First electric tug for Latin America leaves the blocks

by | 6th December 2024 | News Archive, Ship & Boat International - News

Home News First electric tug for Latin America leaves the blocks

The Sanmar-built ElectRA tug will be delivered to Chile in the first half of 2025

Chile is preparing to welcome what’s reported to be Latin America’s first electric tug, which will be operated by harbour towage services provider SAAM Towage on behalf of state-owned petroleum company Empresa Nacional del Petróleo (ENAP).

Designed by Canadian naval architect Robert Allan Ltd (RAL) as part of its battery-fuelled ElectRA series, the tug was constructed by Turkish boatbuilder Sanmar. At the time of writing, the 25m x 13m newbuild had just been launched from Sanmar’s Istanbul facility and was about to commence sea trials, with handover to SAAM scheduled for the first half of 2025. Upon delivery, the vessel will provide berthing/unberthing services in Puerto Chacabuco, in Chile’s Aysén region.

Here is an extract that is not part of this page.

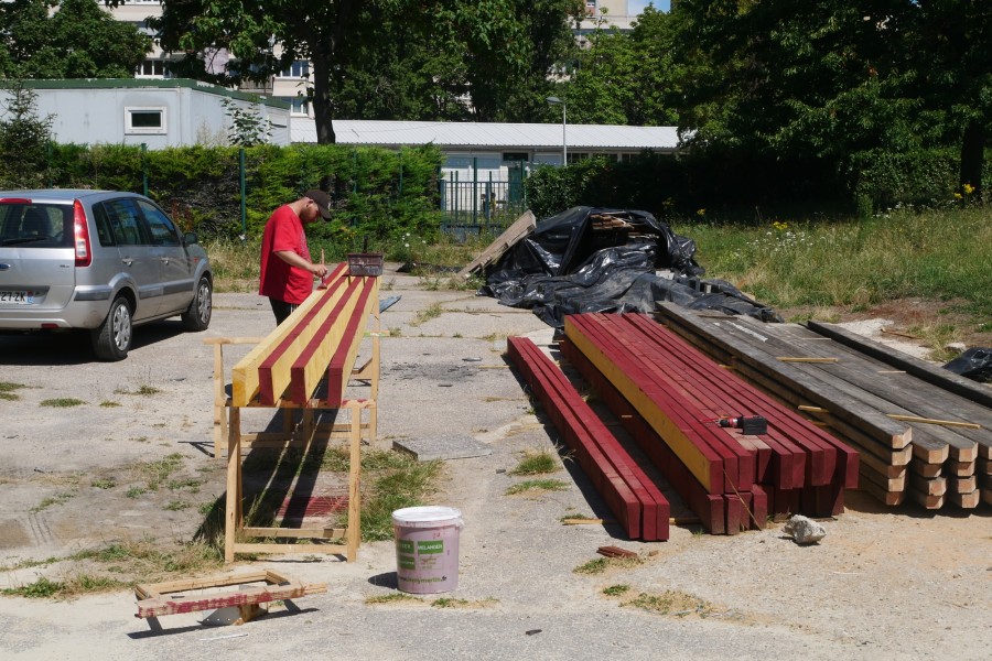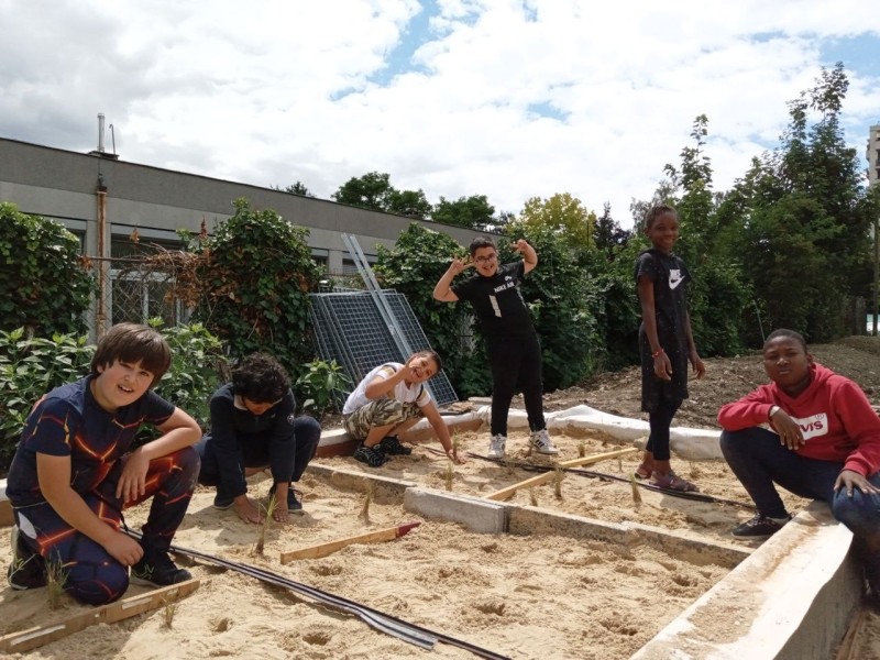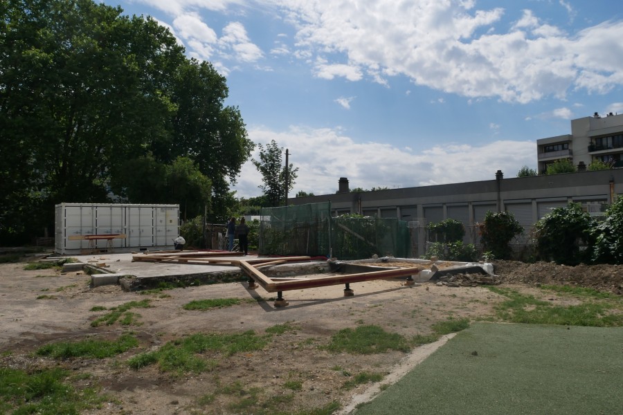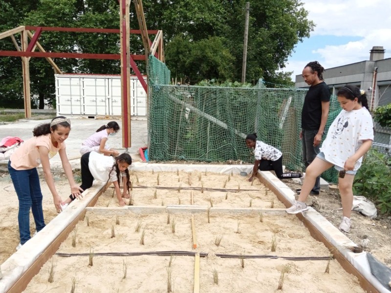 En juin 2021, nous avons organisé la mise en place d’un chantier participatif, qui a mobilisé des bénévoles de l’association, trois jeunes en partenariat avec la mission locale de Montreuil, et des élèves d’une classe de CM1 de l’école primaire Joliot Curie. Aline s'est chargé de la mise en place de ces différents partenariats, et a coordonné les repas du midi en apportant la cuisine mobile de Récolte Urbaine (voir projet Cuisine Mobile) sur le chantier.

The tug’s maximum bollard pull capacity exceeds 70 metric tonnes. Pablo Cáceres, SAAM Towage sustainability and development manager, comments: “This vessel is the third in our electric fleet. At Chacabuco, we will be reducing CO2 emissions by 100% compared to current operations.” RAL and Sanmar produced SAAM Towage’s previous pure-electric tugboats SAAM Volta and Chief Dan George, which were built to the specs of RAL’s ElectRA 2300SX class. These twins entered service at the Port of Vancouver earlier this year, each powered by 3,616kWh of Corvus Orca lithium-ion batteries and dual IMO Tier III-compliant, 940kWe Caterpillar C32 gensets (see Significant Small Ships of 2023 for more detailed info on these sisters).

In November, SAAM unveiled its ‘2030 Sustainability Strategy’, underlining its commitment to rolling out sustainable propulsion across 10% of its fleet by the end of the decade, while “neutralising 65% of greenhouse gas emissions through reduction and offsetting initiatives, with 2021 as a baseline.” SAAM estimates that by launching the Vancouver-based electric duo and undertaking other emissions reductions initiatives, it managed to slash its CO2 output by 5,000 metric tonnes this year.